- DATA EXTRACTS

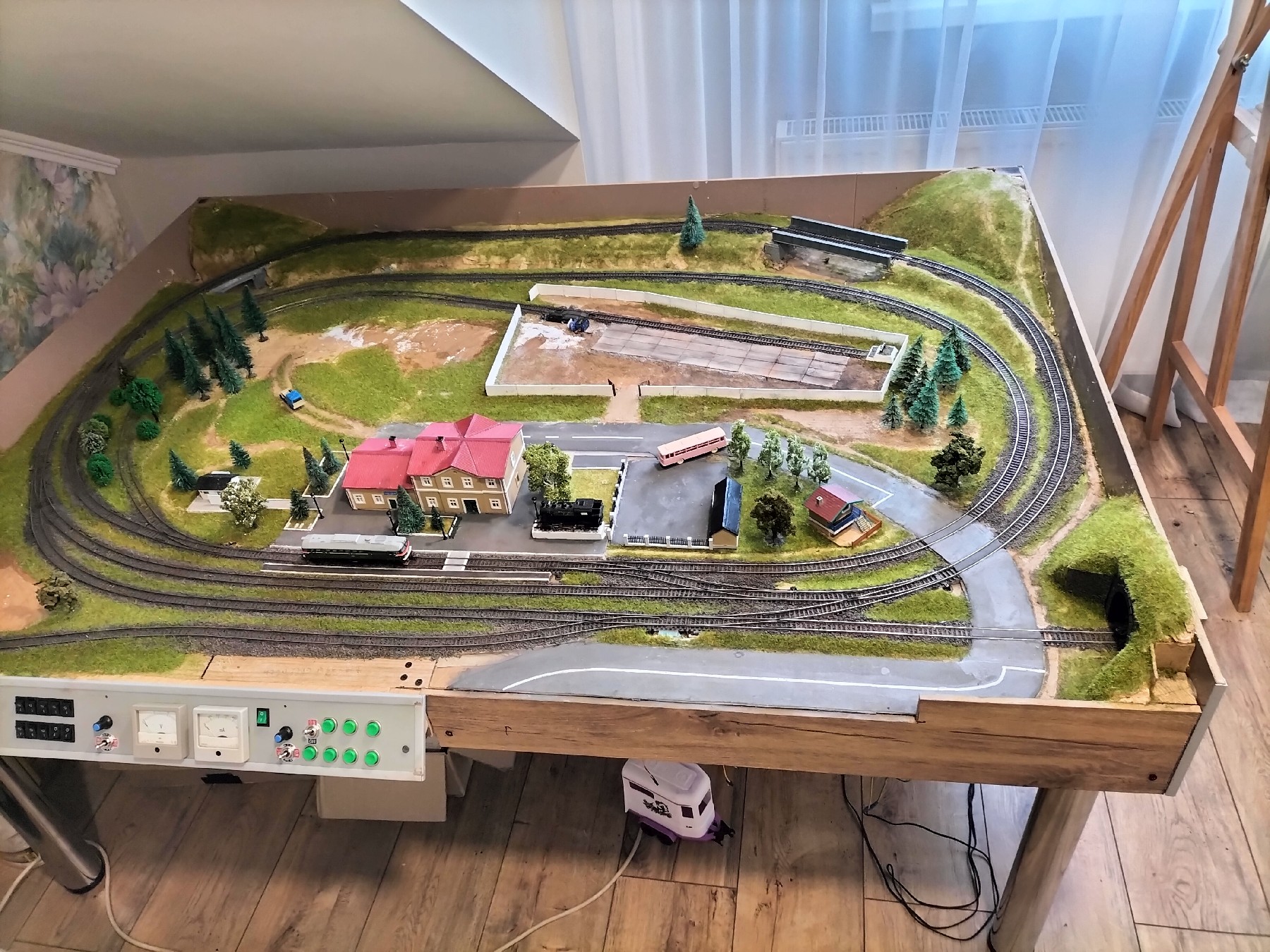 Чергове проміжне підбиття підсумків. Макет нарешті "став на ноги", що дозволило легко його пересувати та працювати з проводкою знизу без перевертання його на бік, останнє до речі вже досить важко зробити без сторонньої допомоги - макет набирає масу. Усього 5 ніжок для столу, одна по центру до більшої стійкості та попередження прогину макету під власною вагою. Зайнявся трохи архітектурою та освітленням, а також відсотків на 90 пофлокував. Після заміни батарейки справа флокування пішла веселіше. Освітлення - вокзальні ліхтарі - "Вісман", в будинках світлодіоди.
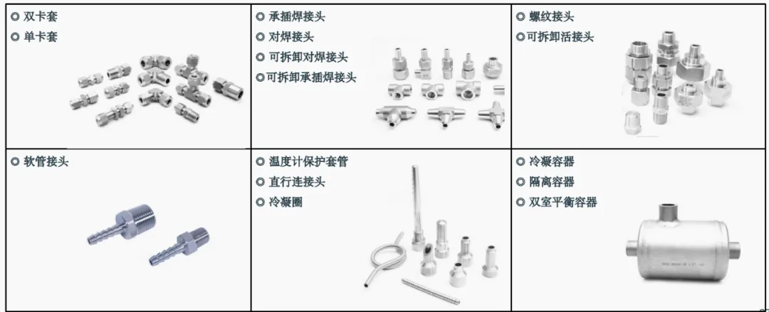 (2)目前我司制造的管件品類有:卡套接頭、焊接接頭、螺紋接頭、軟管接頭、溫度計(jì)保護(hù)套管、輔助容器等。
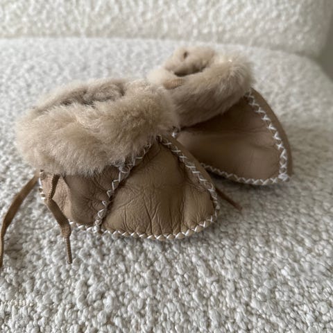 Beige Sheperd baby fårskinn sauskinn sheepskin tossor sko
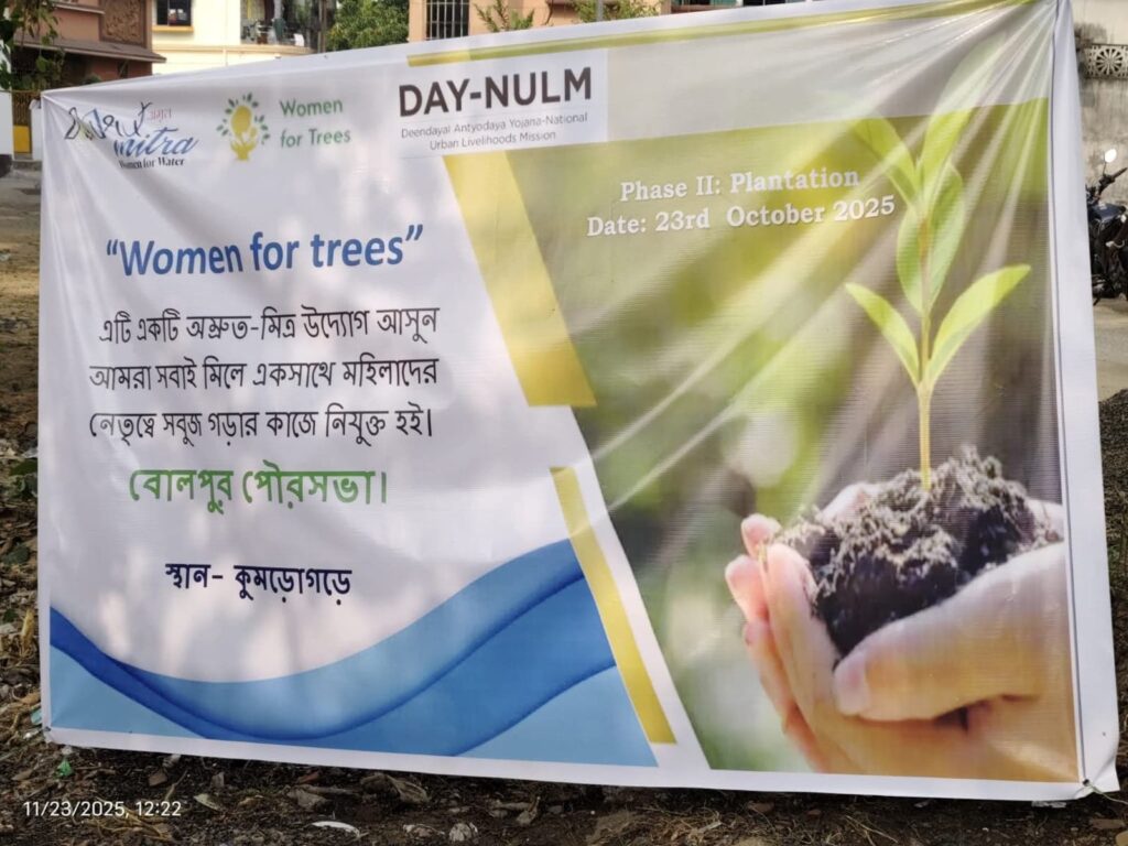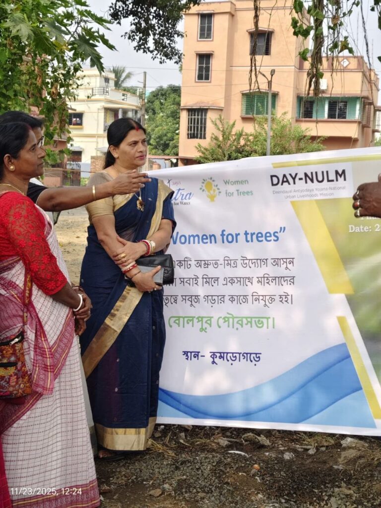 বোলপুর পৌরসভা কর্তৃক AMRUT প্রকল্পের অন্তর্গত পরিবেশবান্ধব ও সবুজায়ন কর্মসূচির অংশ হিসেবে আজ “Women for Trees” কর্মসূচির আনুষ্ঠানিক উদ্বোধন হলো যার মূল উদ্দেশ্য হলো শহরে সবুজায়ন বৃদ্ধি করা এবং স্বনির্ভর গোষ্ঠী (SHG) সদস্যাদের সক্রিয়ভাবে বৃক্ষরোপণ ও পরিচর্যায় যুক্ত করা।
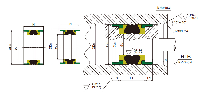 TPM組合密封經(jīng)常在作往復運動的液壓缸和活塞中用作密封元件,如:型推土機、起重機、叉車、液壓閘門及農(nóng)業(yè)機械等。安裝在包括ISO6547標準溝槽的閉合溝槽中。

- WHAT YOU SHOULD DO
Your copy should match the data above exactly, apart from the pictures.

- ANSWER BOX
 Чергове проміжне підбиття підсумків. Макет нарешті "став на ноги", що дозволило легко його пересувати та працювати з проводкою знизу без перевертання його на бік, останнє до речі вже досить важко зробити без сторонньої допомоги - макет набирає масу. Усього 5 ніжок для столу, одна по центру до більшої стійкості та попередження прогину макету під власною вагою. Зайнявся трохи архітектурою та освітленням, а також відсотків на 90 пофлокував. Після заміни батарейки справа флокування пішла веселіше. Освітлення - вокзальні ліхтарі - "Вісман", в будинках світлодіоди.
 (2)目前我司制造的管件品類有:卡套接頭、焊接接頭、螺紋接頭、軟管接頭、溫度計(jì)保護(hù)套管、輔助容器等。
 Beige Sheperd baby fårskinn sauskinn sheepskin tossor sko
 বোলপুর পৌরসভা কর্তৃক AMRUT প্রকল্পের অন্তর্গত পরিবেশবান্ধব ও সবুজায়ন কর্মসূচির অংশ হিসেবে আজ “Women for Trees” কর্মসূচির আনুষ্ঠানিক উদ্বোধন হলো যার মূল উদ্দেশ্য হলো শহরে সবুজায়ন বৃদ্ধি করা এবং স্বনির্ভর গোষ্ঠী (SHG) সদস্যাদের সক্রিয়ভাবে বৃক্ষরোপণ ও পরিচর্যায় যুক্ত করা।
 TPM組合密封經(jīng)常在作往復運動的液壓缸和活塞中用作密封元件,如:型推土機、起重機、叉車、液壓閘門及農(nóng)業(yè)機械等。安裝在包括ISO6547標準溝槽的閉合溝槽中。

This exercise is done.